I was happy to improve my run of Jacob Wirth bottles. As one of the most successful bottlers in the state, his newer blobs and crown tops are easily acquired. I had eight different bottles from Mr. Wirth until this purchase, when I acquired two of his earliest Providence bottles. Jacob Wirth started in Boston around 1868, and opened a new branch in Providence in 1880. The first bottle, a crude applied lip aqua blob dates from 1880-1885, and the second example, the earliest example of his signature diamond design likely dates from 1885-1890. Roger Heatley is the expert on Jacob Wirth bottles, and more info can be found at his excellent website here:
Among Al’s unlisted bottles were a few examples I would refer to as “specimen” bottles. They are badly damaged which means they have little or no value, but they have a lot of historic value since they are rare and unlisted.

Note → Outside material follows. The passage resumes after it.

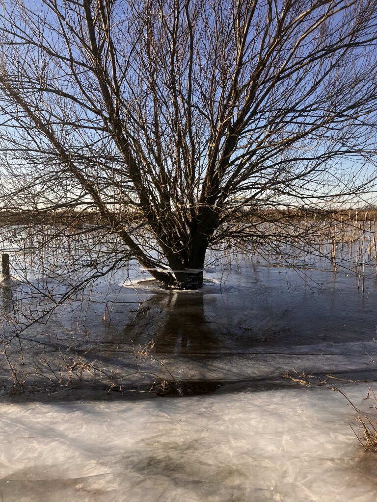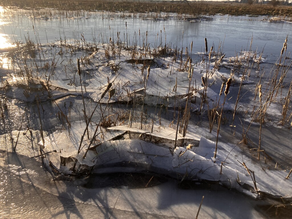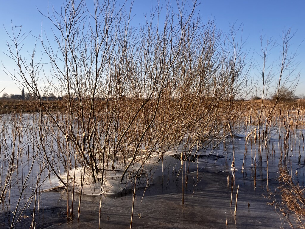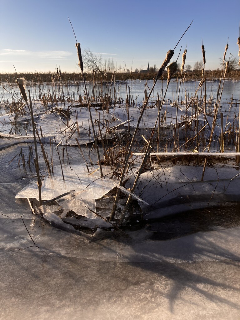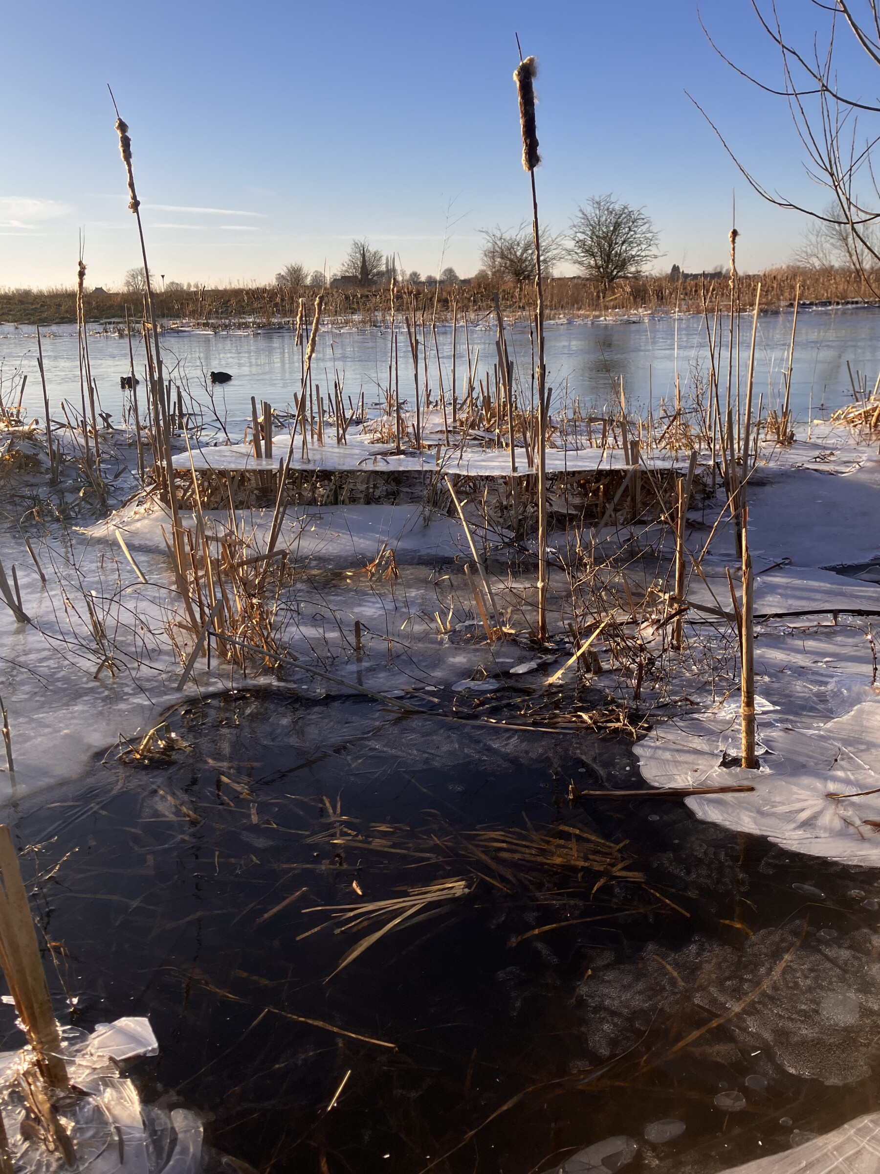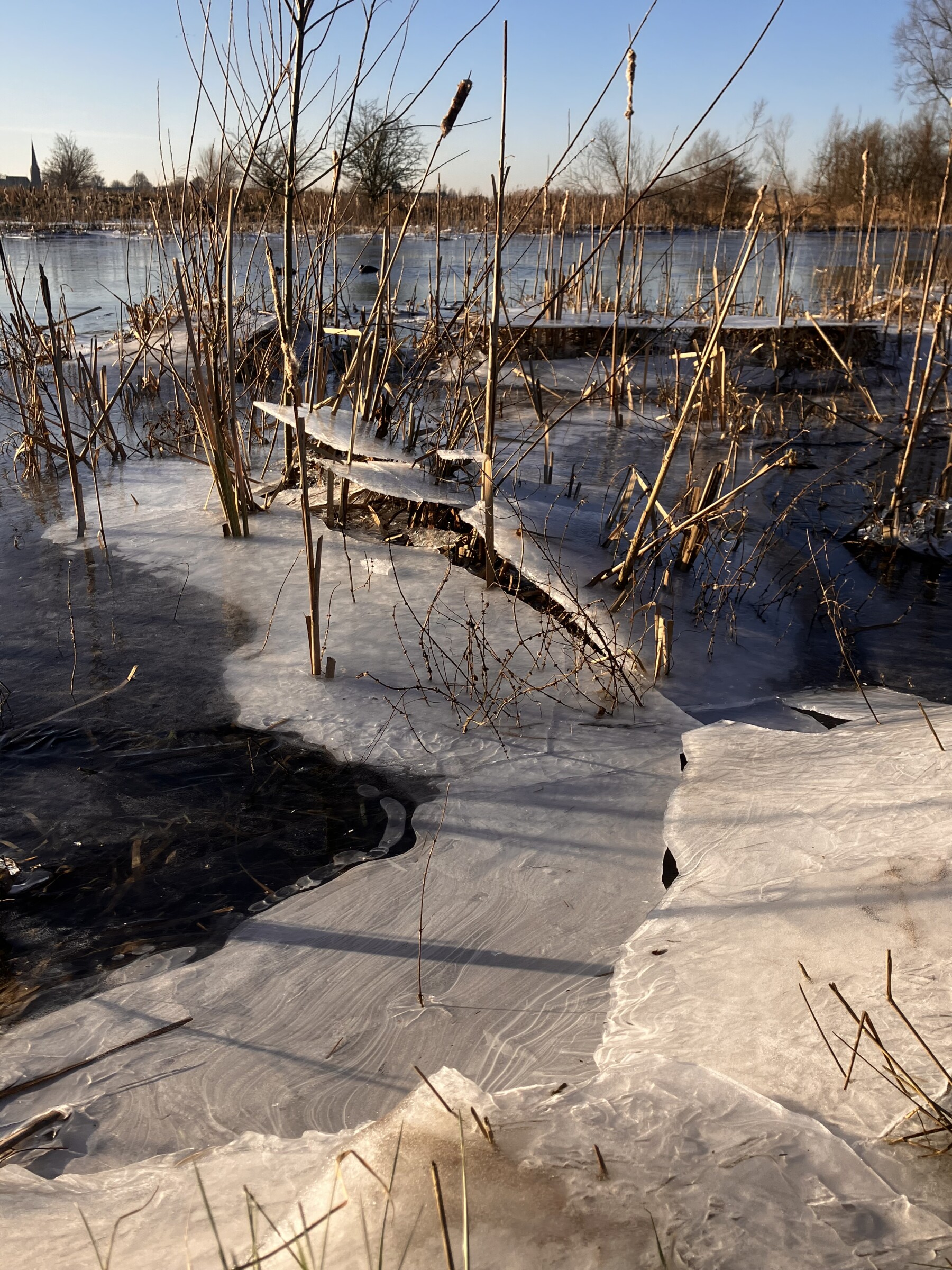 Deze foto’s heb ik vanmorgen langs de Nederrijn gemaakt. Je ziet niet alleen hoe t water gezakt is en ijsschotsen in riet en boomtakken blijven hangen. Als je er bij was hoorde je ook t ‘kabaal’ van ijs dat kapot viel op ijs. Gerinkel alsof een dienblad kristal omviel. Of je hoorde het donkere gekraak, het bewegen en loskomen van het ijs onder invloed van de levende rivier die altijd in motie is.

One of these was a H. Gorman & Co. Providence, RI midsize blob. This intermediate size (8”) between a squat soda and tall blob was a transitional bottle, and dates to ca. 1870-1885. There is a tall blob Gorman listed, but not this small size!
Probably the biggest heartbreaker was a beautiful amber Chas. F. Young 38 S-Main St. Providence, RI amber blob. He made the only amber colored squat blob from RI, which is quite rare. An example like this is exciting because it shows he was in business until the era of the "tall blobs", and the embossing is nearly identical to what is found on the squat blob.

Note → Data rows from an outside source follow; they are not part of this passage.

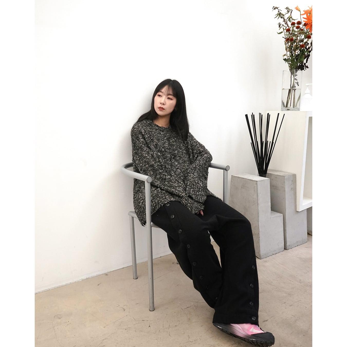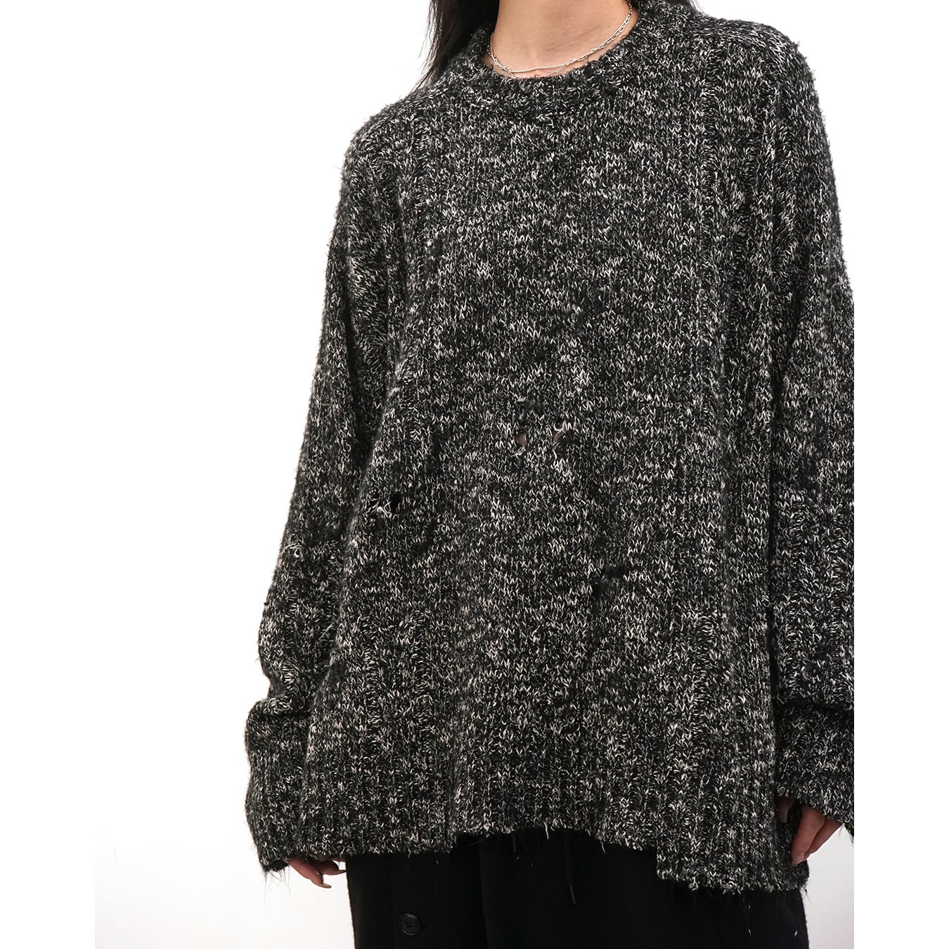 [A.F ARTEFACT] (エーエフアーティファクト) ag-8013 Damage Knit Top (BLACK MIX)
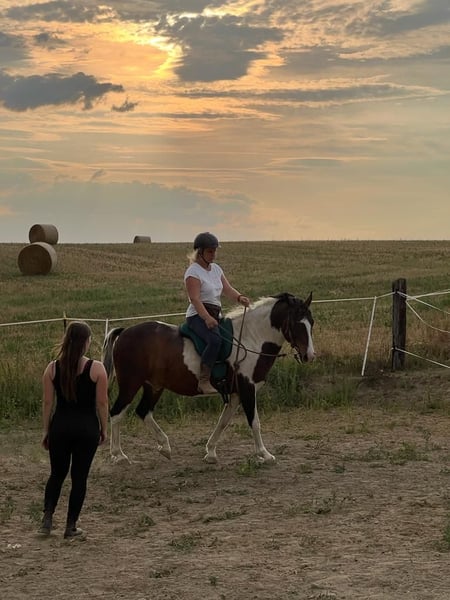 Ich biete mobilen Reitunterricht und Bodenarbeit/ Freiarbeitstraining an. Ich komme zu euch und ihr könnt aber auch, wenn ihr kein eigenes Pferd habt mit meinem Pferd in den Unterricht gehen. Mein Ziel ist es vor allem, dich und dein Pferd auf eurem gemeinsamen Weg zu begleiten - mit Geduld, Verständnis und einem Trainingskonzept, das auf Harmonie, Leichtigkeit und gegenseitigem Vertrauen basiert. Ich hole dich gerne genau dort ab, wo du und dein Pferd gerade steht. Ich begleite euch in jeder Phase und wir sprechen einfach darüber was das Ziel für dich und dein Pferd ist und wo du Hilfe benötigst. Ich freue mich auf ein Kennenlernen mit dir und deinem Pferd und vielleicht finden wir eine gemeinsame Lösung zusammen. Ich fahre in den Umkreis maximal 50km von Eberswalde aus mit einer Km-Pauschale von 0,70€. Sofern du schon reiten kannst und einfach nur mal wieder ausreiten möchtest, melde dich auch gerne und wir können gemeinsam ausreiten gehen bei mir. Anfragen gerne über Pn oder auch gerne direkt über WhatsApp: 01726294327
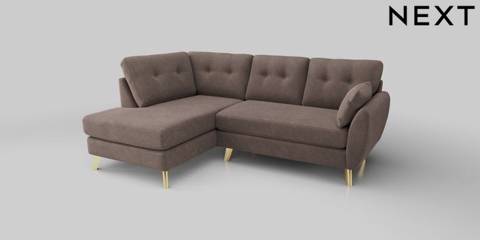 6.12.1 Buy Wilson Buttoned Back Medium Corner Chaise - Left Hand Luxe Chenille Mink Brown Metal Tapered - Gold from the Next UK online shop Click here to use our accessible website
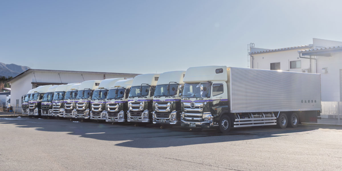 自動車関連部品、一般貨物、食料品など、多岐にわたる貨物を東北から関東、中部、中国地方へ安全・確実にお届けします。また、ダンプ車による建設資材や土木工事用骨材の運搬や、リサイクルプラントを設置し産業廃棄物の収集運搬処分も行なっています。お客様一人ひとりのニーズに応え、「安全・安心」を追求した質の高いサービスをご提供いたします。
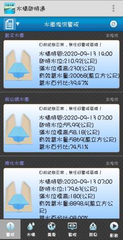 水利局表示,民眾只要在Google Play 或iTunes Store 搜尋『台南水情即時通』即可進行下載安裝,只要行動裝置開機且連上網際網路,除了可收到水庫洩洪訊息外,也可收到氣象特報、水情資訊…等。
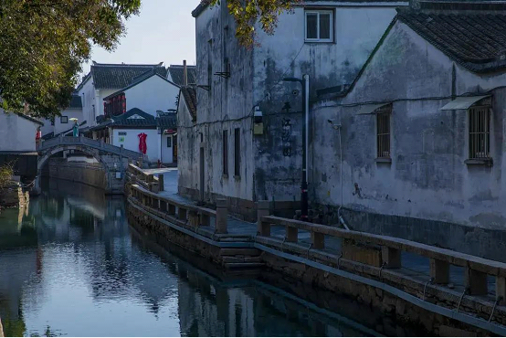 路以水陆并行,河街相邻特色著称。河驳岸上设石栏,石桌石凳点缀其中,拾级而下的石埠苔痕斑驳,并有众多雕刻精美的系缆石,河两岸多为粉墙黛瓦民居。
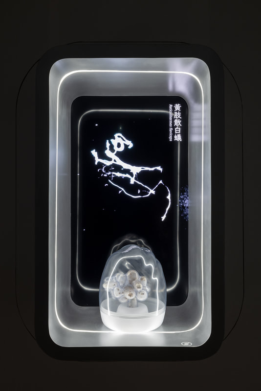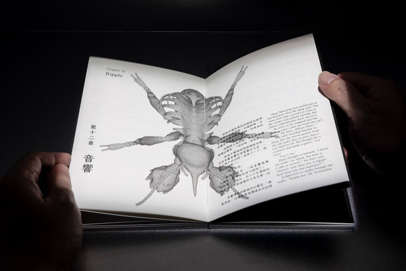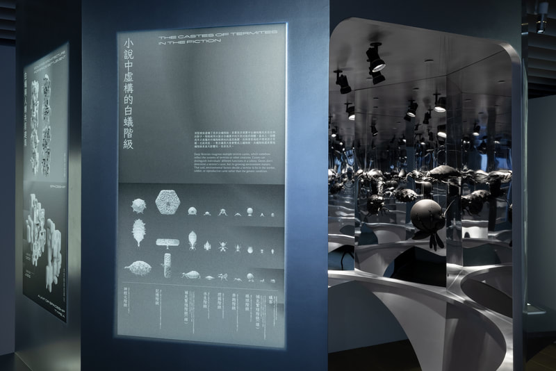 Artist Kuang-Yi Ku collaborates with scientists who study the eusocial insect of termites to jointly establish a fictional scenario of an interspecies future. In this futuristic narrative based on a knowledge of termite biology, the artist and scientists have created a fictional social structure for termites where nine social strata have been identified as cornerstones for further classification. From this, more than 1,000 different classes are further derived. In this speculative evolution they have designed, human beings and termites exist in multiple complex relationships of enmity and friendship. At the conclusion in this tale of science fiction, a possible structure of mutually beneficial symbiosis is formed.

Another uncommon bottle was a quart-sized blob top from the German Seltzer Co. 7 Ticknor Ave. Providence, RI. Quart blobs are considerably less common than you average 10-12oz. blobs. This example has 27 Oz. embossed in the slugplate, making it unlisted.
Another nice smaller-town blob was a Sanitary Bottling Co. Webster Ave. Arlington, RI. Arlington (now Silver Lake) was a town in Cranston, and amusingly enough the porcelain stopper on this bottle is marked Cranston. This bottle is only listed as a crown top, so this blob is new!